A special issue of Journal of Clinical Medicine (ISSN 2077-0383). This special issue belongs to the section "Anesthesiology".

Deadline for manuscript submissions: closed (15 November 2019) | Viewed by 25619

Special Issue Editor

Dr. Andrea D. Furlan

E-Mail Website
Guest Editor
Toronto Rehabilitation Institute, University Health Network, 550 University Ave, Toronto, ON, Canada
Interests: chronic pain; low back pain; fibromyalgia; neuropathic pain; opioids; cannabinoids; systematic reviews; meta-analyses; clinical; practice guidelines; knowledge transfer; implementation science; medical education; post-graduate education
Special Issues, Collections and Topics in MDPI journals

Special Issue Information

Dear Colleagues,

There have been enormous changes in how we use opioids in the past 40 years, especially in high-income countries. In the 1970s and 1980s, opioids were only reserved for acute pain, surgical pain, or palliative cancer patients. In the 1990s, with the advent of long-acting formulations, there was a spread of using opioids for conditions that were not life-threatening, such as mechanical back pain, inflammatory pain, and neuropathic pain. With the large amount of people taking opioids, there was a surge of many people who became dependent and addicted. Consequently, those people who cannot get opioids from prescriptions need to obtain them from illicit sources, which opened the markets for more and more potent opioids, including oxycodone, heroine, fentanyl, and more recently carfentanyl. It is unfortunate that a potent analgesic has become an evil in North America, as is the stigma carried by the patients who need to take this medication to enable them to function and be productive.

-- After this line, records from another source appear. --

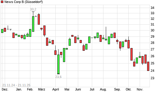 Mit dem Rücksetzer auf 24,00 EUR hat die News Corp B-Aktie (ISIN US65249B2088) am 20.11.2025 ein neues 6-Monats-Tief erreicht und damit den Kurs vom 07.11.2025 eingestellt.
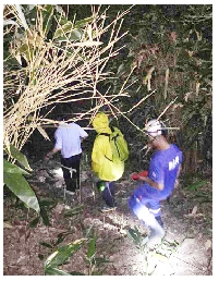 怕程先生虚脱,需要尽快下山,林警官又联系了当地的蓝天救援队员,和救援队员从大龙湫景区上山,直奔乱石岗。
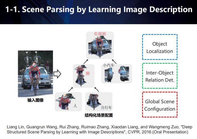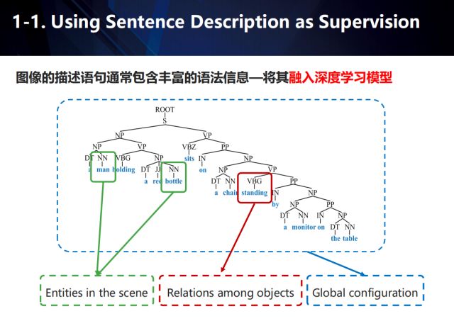 而图像的描述语句通常包含丰富的语法信息,如果能将这些信息融入深度学习模型,那么可以将其看作一种辅助的监督手段。以对图像描述这一应用为例,如图所示,我们用绿色框表示场景中出现的实体,红色框表示实体之间的关系,而蓝色框表示场景的全局配置结构。
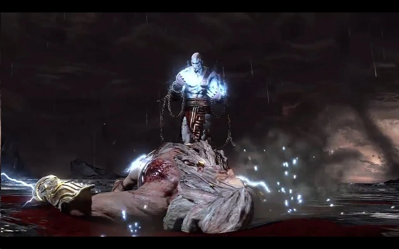 Nach dem Kampf erwacht Kratos auf dem Olymp neben Zeus, und zieht diesem die Klinge aus dem Körper. Während Zeus' Körper besiegt ist, erhebt sich dessen Geist und greift Kratos erneut mit einem Blitz an und, mit dem Tode ringend, sich in seiner eigenen Psyche wiederfindet. Dort vergibt er sich selbst für seine begangenen Sünden und lernt, dass Hoffnung die mächtigste Waffe ist, so wie es Pandora ihm vorausgesagt hatte. Kratos kehrt zurück ins Leben, befreit sich von den Angriffen Zeus' und tötet ihn ein für allemal.

There is an urgent need for high-quality scientific studies to look at the benefits and risks of prescription opioids in clinical medicine. I am delighted to hear that this Special Issue of the Journal of Clinical Medicine will be dedicated to this area. The Journal of Clinical Medicine's 2017 ISI Web of Knowledge impact factor is 5.593; ranked 15 out of 154 journals (D1 journal), making it a top journal in the area of medicine (general & internal medicine). We are interested in studies looking at the clinical applications of prescription opioids, neurobiological mechanisms in humans, clinical trials, meta-analyses, education for prescribers, and policy and programs to mitigate the risks of opioids.

Dr. Andrea Furlan
Guest Editor

Manuscript Submission Information

Manuscripts should be submitted online at www.mdpi.com by registering and logging in to this website. Once you are registered, click here to go to the submission form. Manuscripts can be submitted until the deadline. All submissions that pass pre-check are peer-reviewed. Accepted papers will be published continuously in the journal (as soon as accepted) and will be listed together on the special issue website. Research articles, review articles as well as short communications are invited. For planned papers, a title and short abstract (about 100 words) can be sent to the Editorial Office for announcement on this website.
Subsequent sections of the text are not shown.